- [Source records]:
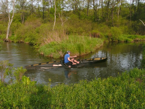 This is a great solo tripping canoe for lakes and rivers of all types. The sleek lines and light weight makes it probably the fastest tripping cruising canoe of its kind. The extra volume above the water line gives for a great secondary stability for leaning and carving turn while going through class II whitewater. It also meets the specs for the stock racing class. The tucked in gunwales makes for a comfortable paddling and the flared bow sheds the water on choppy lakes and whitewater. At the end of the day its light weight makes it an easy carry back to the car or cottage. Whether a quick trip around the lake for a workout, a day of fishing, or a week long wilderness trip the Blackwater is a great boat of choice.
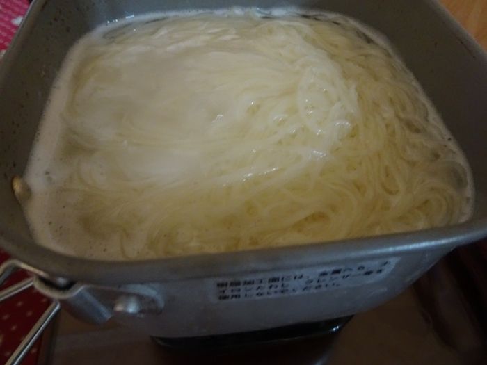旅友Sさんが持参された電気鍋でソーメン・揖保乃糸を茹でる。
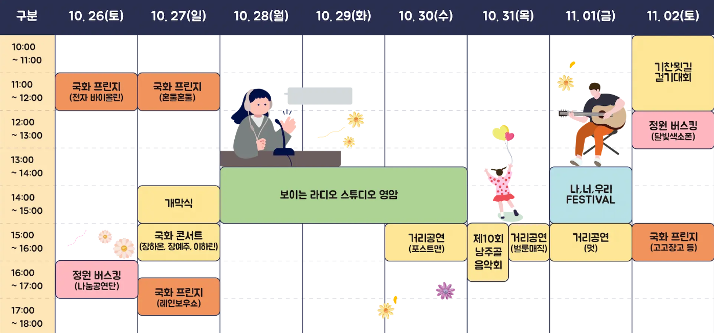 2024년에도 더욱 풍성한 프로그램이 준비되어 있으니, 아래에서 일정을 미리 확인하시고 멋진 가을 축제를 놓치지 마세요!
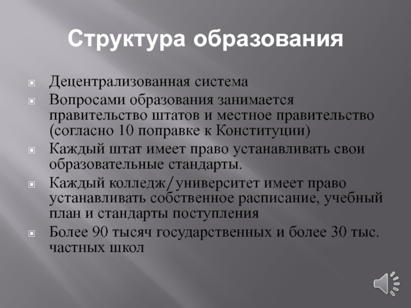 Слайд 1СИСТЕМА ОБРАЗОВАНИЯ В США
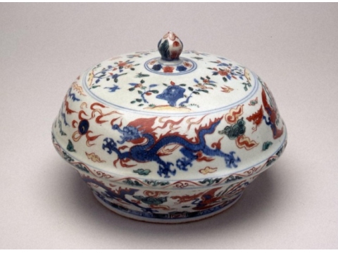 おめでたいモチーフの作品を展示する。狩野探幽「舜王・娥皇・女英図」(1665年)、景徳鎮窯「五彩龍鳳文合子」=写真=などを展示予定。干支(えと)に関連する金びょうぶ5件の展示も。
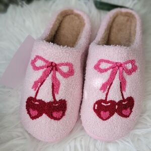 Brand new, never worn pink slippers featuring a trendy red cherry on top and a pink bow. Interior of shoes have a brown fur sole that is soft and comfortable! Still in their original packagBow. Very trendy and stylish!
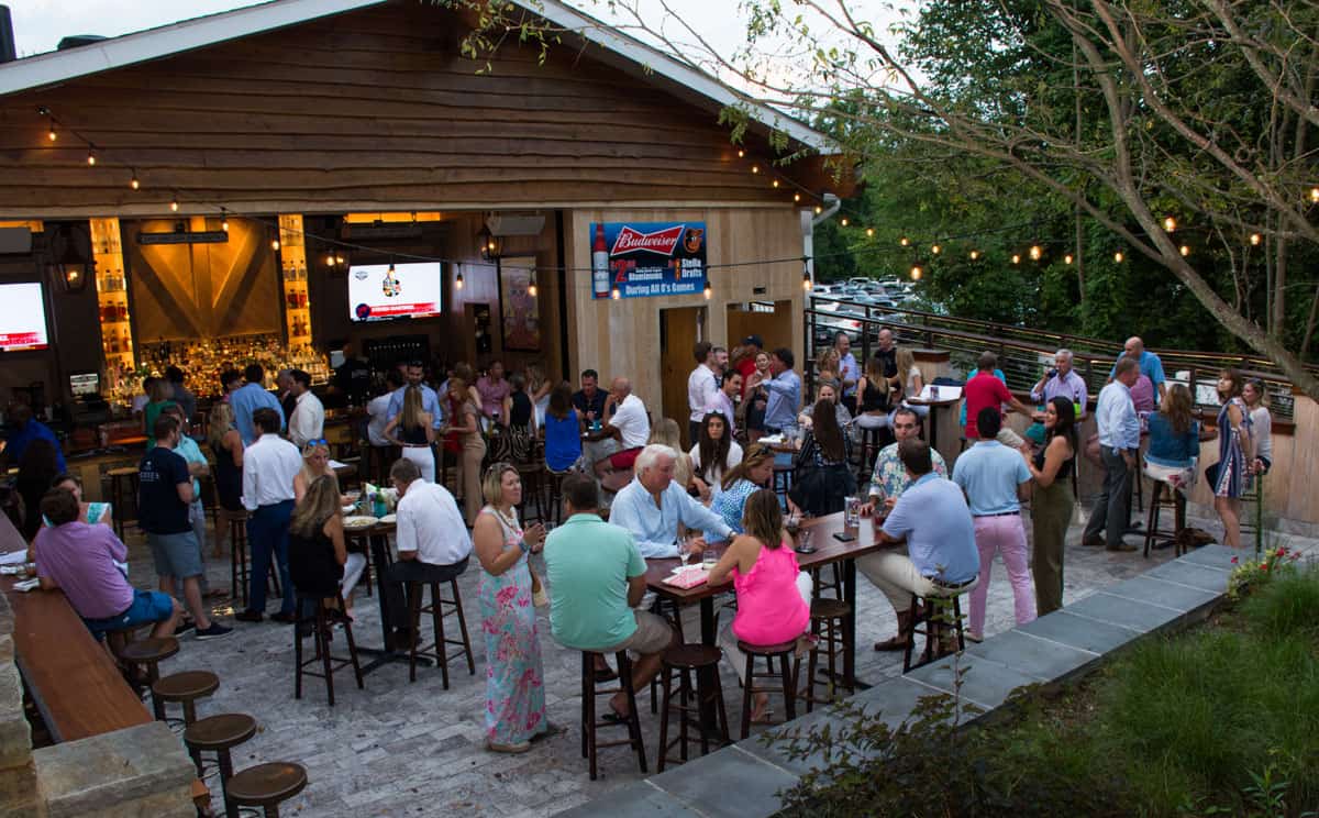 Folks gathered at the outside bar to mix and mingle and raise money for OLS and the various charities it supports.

- [Exercise brief]: Both the first line of the records above and the line containing "おめでたいモチーフの作品を展" belong in the copy; please return them and every line between, exactly, minus the pictures.

- [The completed task]:
 This is a great solo tripping canoe for lakes and rivers of all types. The sleek lines and light weight makes it probably the fastest tripping cruising canoe of its kind. The extra volume above the water line gives for a great secondary stability for leaning and carving turn while going through class II whitewater. It also meets the specs for the stock racing class. The tucked in gunwales makes for a comfortable paddling and the flared bow sheds the water on choppy lakes and whitewater. At the end of the day its light weight makes it an easy carry back to the car or cottage. Whether a quick trip around the lake for a workout, a day of fishing, or a week long wilderness trip the Blackwater is a great boat of choice.
旅友Sさんが持参された電気鍋でソーメン・揖保乃糸を茹でる。
 2024년에도 더욱 풍성한 프로그램이 준비되어 있으니, 아래에서 일정을 미리 확인하시고 멋진 가을 축제를 놓치지 마세요!
 Слайд 1СИСТЕМА ОБРАЗОВАНИЯ В США
 おめでたいモチーフの作品を展示する。狩野探幽「舜王・娥皇・女英図」(1665年)、景徳鎮窯「五彩龍鳳文合子」=写真=などを展示予定。干支(えと)に関連する金びょうぶ5件の展示も。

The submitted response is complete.